**Exercise material**
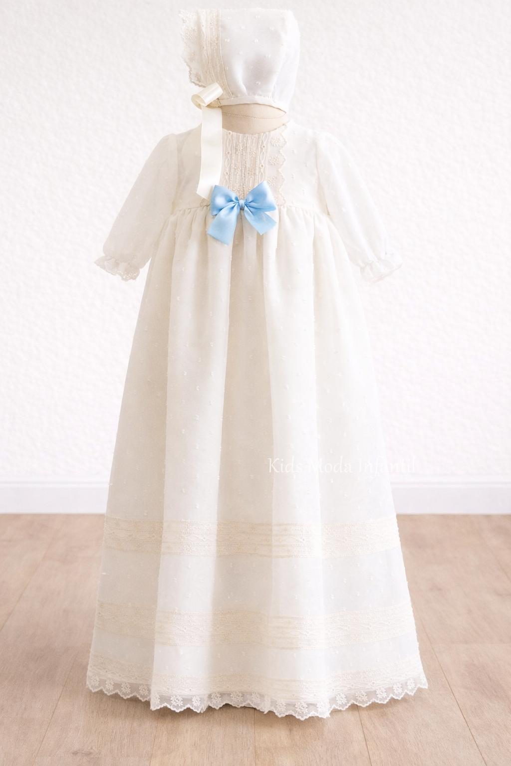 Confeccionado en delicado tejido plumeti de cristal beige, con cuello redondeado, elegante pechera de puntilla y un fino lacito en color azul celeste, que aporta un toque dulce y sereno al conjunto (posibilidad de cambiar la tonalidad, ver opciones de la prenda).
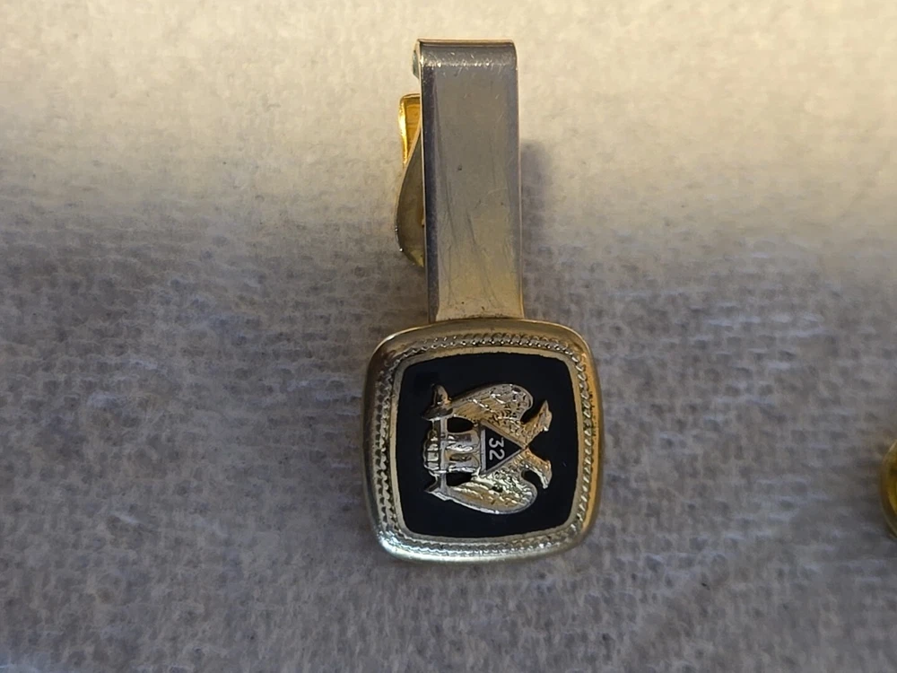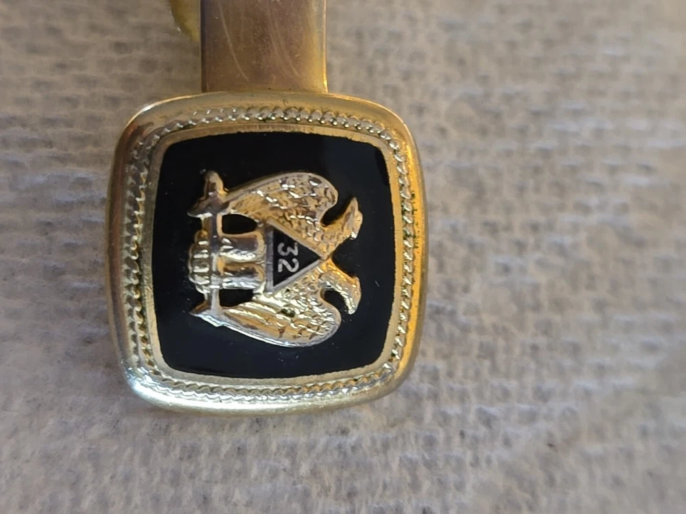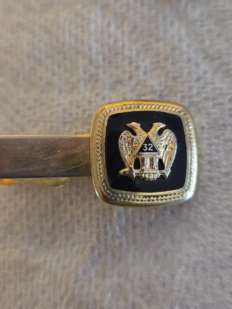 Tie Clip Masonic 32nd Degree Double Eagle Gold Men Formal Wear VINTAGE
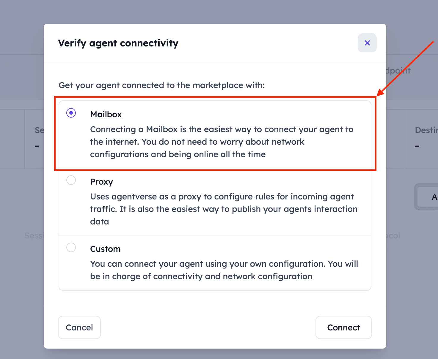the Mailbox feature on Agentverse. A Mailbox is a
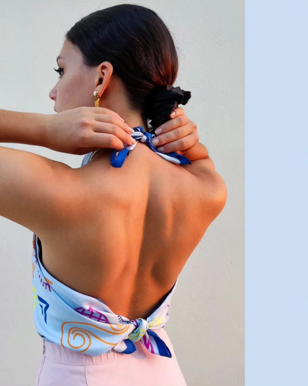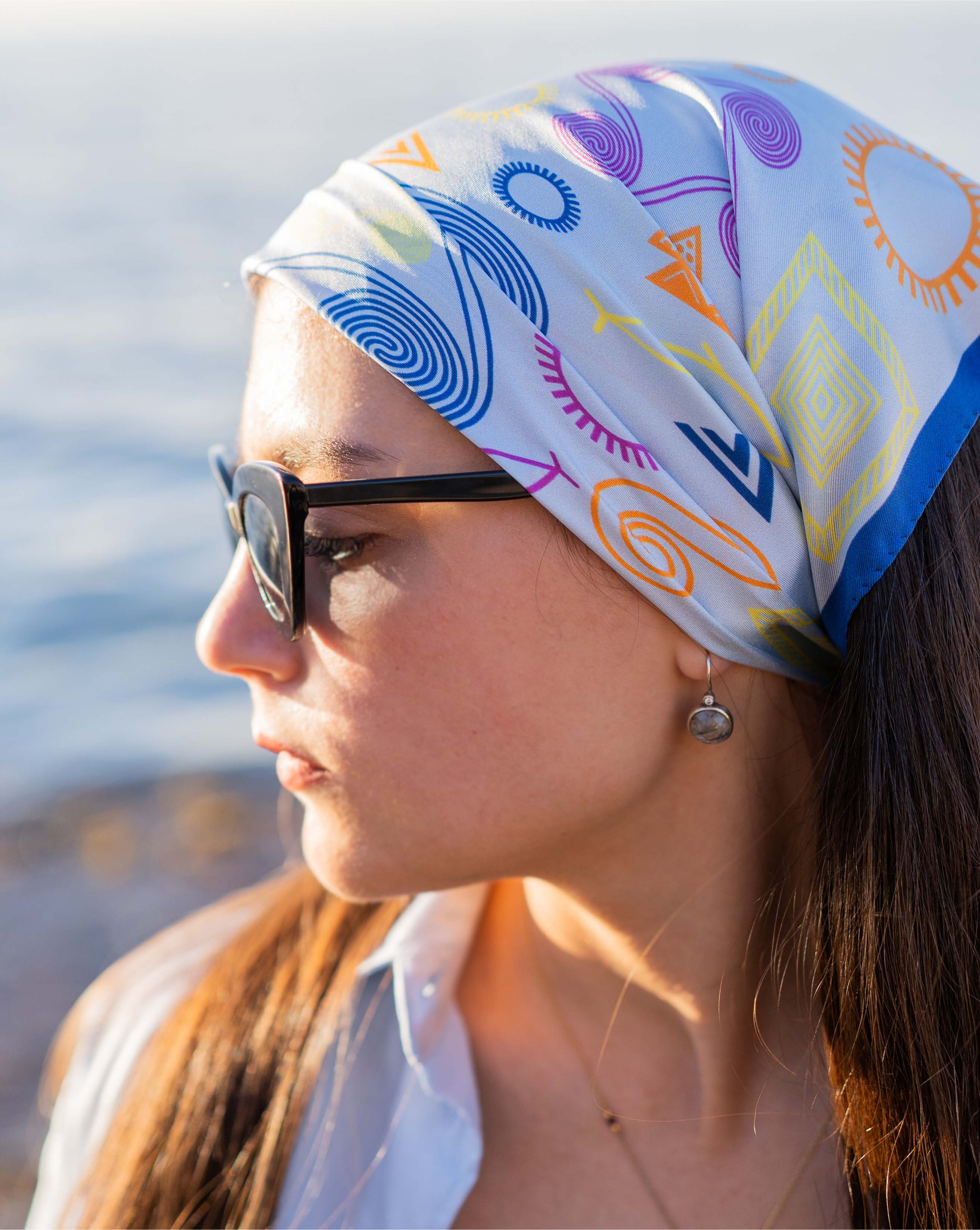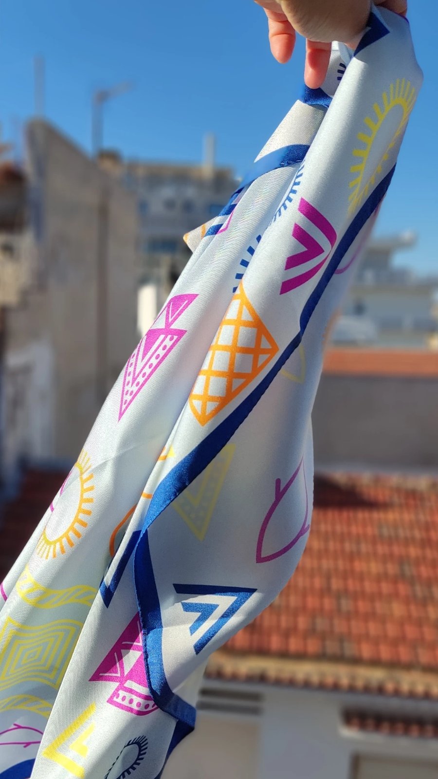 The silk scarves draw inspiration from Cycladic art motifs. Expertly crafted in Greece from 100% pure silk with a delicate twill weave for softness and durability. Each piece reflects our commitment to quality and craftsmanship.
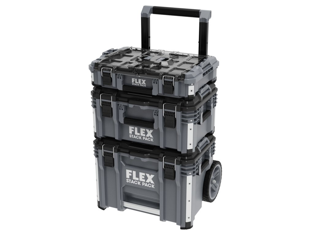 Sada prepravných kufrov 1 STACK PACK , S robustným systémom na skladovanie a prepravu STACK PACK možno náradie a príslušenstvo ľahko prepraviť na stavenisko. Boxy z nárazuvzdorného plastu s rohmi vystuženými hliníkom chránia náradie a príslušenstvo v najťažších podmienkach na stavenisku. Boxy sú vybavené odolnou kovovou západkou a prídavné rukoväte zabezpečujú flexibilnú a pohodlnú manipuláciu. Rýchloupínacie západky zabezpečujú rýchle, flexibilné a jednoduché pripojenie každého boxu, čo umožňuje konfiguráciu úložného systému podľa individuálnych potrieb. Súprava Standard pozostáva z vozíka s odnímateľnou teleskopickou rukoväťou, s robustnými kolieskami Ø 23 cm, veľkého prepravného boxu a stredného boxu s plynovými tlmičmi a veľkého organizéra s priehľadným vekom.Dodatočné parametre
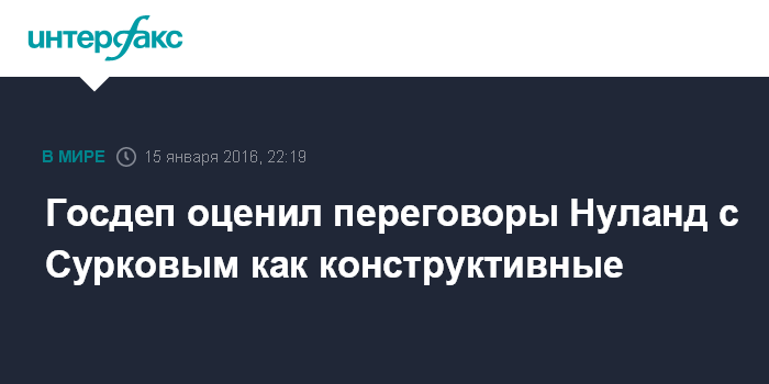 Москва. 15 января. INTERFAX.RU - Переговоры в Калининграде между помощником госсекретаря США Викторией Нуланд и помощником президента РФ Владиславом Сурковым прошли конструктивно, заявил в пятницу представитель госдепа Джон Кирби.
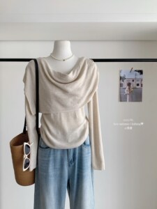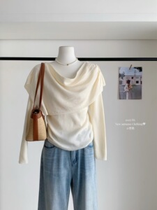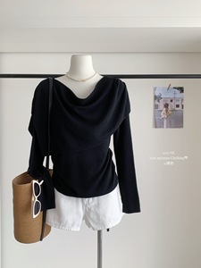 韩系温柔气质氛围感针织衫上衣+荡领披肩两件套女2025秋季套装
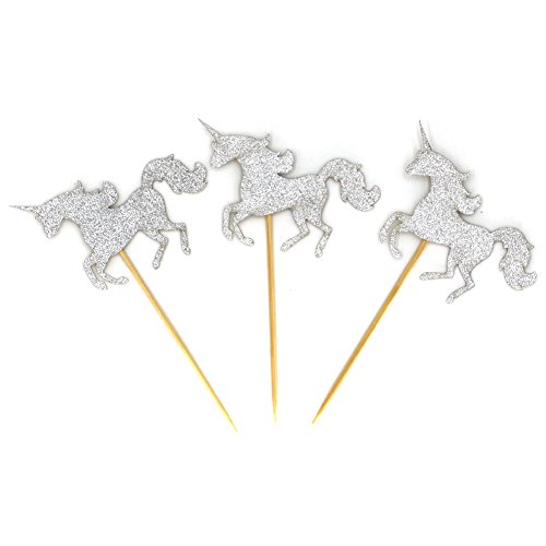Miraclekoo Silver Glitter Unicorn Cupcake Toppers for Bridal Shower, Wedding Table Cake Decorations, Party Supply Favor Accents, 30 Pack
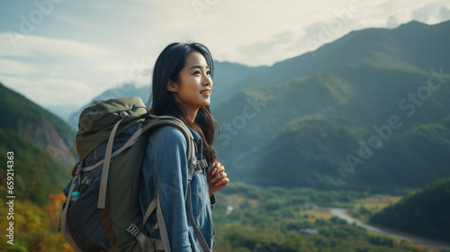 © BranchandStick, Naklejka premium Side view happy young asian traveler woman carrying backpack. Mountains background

**Task goal**
This exercise asks for an exact copy of the lines from the first one in the data through the line that contains "Tie Clip Masonic", pictures excluded.

**Solved exercise**
 Confeccionado en delicado tejido plumeti de cristal beige, con cuello redondeado, elegante pechera de puntilla y un fino lacito en color azul celeste, que aporta un toque dulce y sereno al conjunto (posibilidad de cambiar la tonalidad, ver opciones de la prenda).
 Tie Clip Masonic 32nd Degree Double Eagle Gold Men Formal Wear VINTAGE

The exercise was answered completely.